Kinbuck is a hamlet in Stirlingshire, Scotland. It lies by the Allan Water and the Stirling-Perth Railway line. It is four miles north of Dunblane.

==Education==
Despite a campaign to save it, Kinbuck Primary School was controversially closed in 1998. At the time its closure was announced the school had just 24 pupils and the action saved the local authority over £30000 annually. Students from the village were then sent to nearby Newton Primary School.

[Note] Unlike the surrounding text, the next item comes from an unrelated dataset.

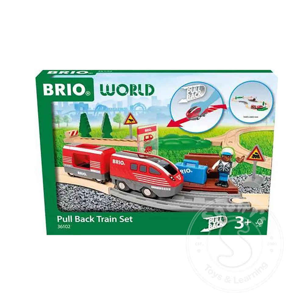 Keep the fun going with the 36102 Pull Back Train Set. Powered by 100% toddler energy, this toy train needs no batteries to bring big smiles to little faces. Let the passenger board at the station, draw back the red train and watch it go. When it slows...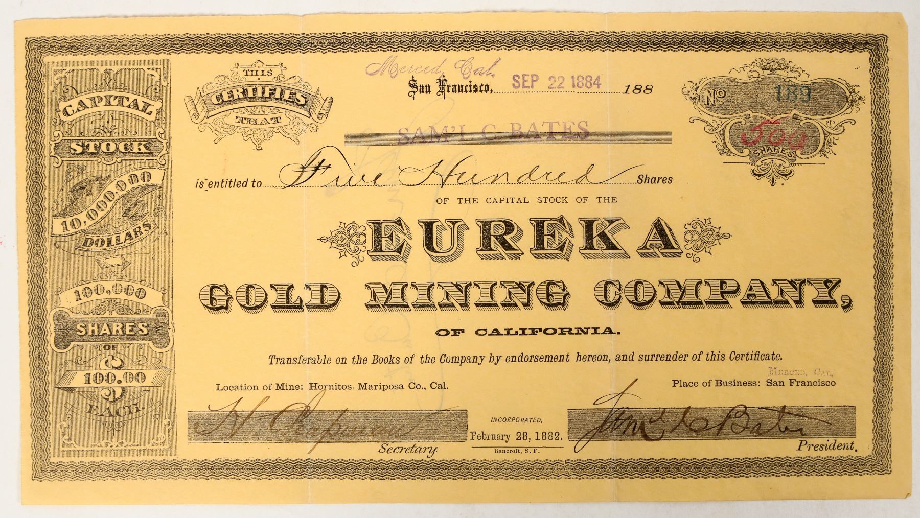 Eureka Gold Mining Company Stock Certificate, Hornitos, Mariposa County, CA, 1884 [197926]

The Victorian building remains standing and is now used as the village's community centre, where several events are held annually for all to attend.

==History==
Kinbuck was the location of the retreat of the Jacobite troops under the Earl of Mar following the Battle of Sheriffmuir on 13 November 1715.

In the 19th century, Kinbuck had a woollen mill, opposite the present day Millbank Road.

Nearby is the B listed Kinbuck Bridge as well as the A listed Cromlix House, former seat of Viscount Strathallan and the Clan Drummond family. Cromlix house is now a hotel.

==Electricity/Gas==
Due to its rural location the hamlet is often subject to power and gas outages.

Kinbuck is situated at the start of the controversial Beauly-Denny power line.

==Flooding==
The area around Kinbuck floods easily due to the proximity of the River Allan.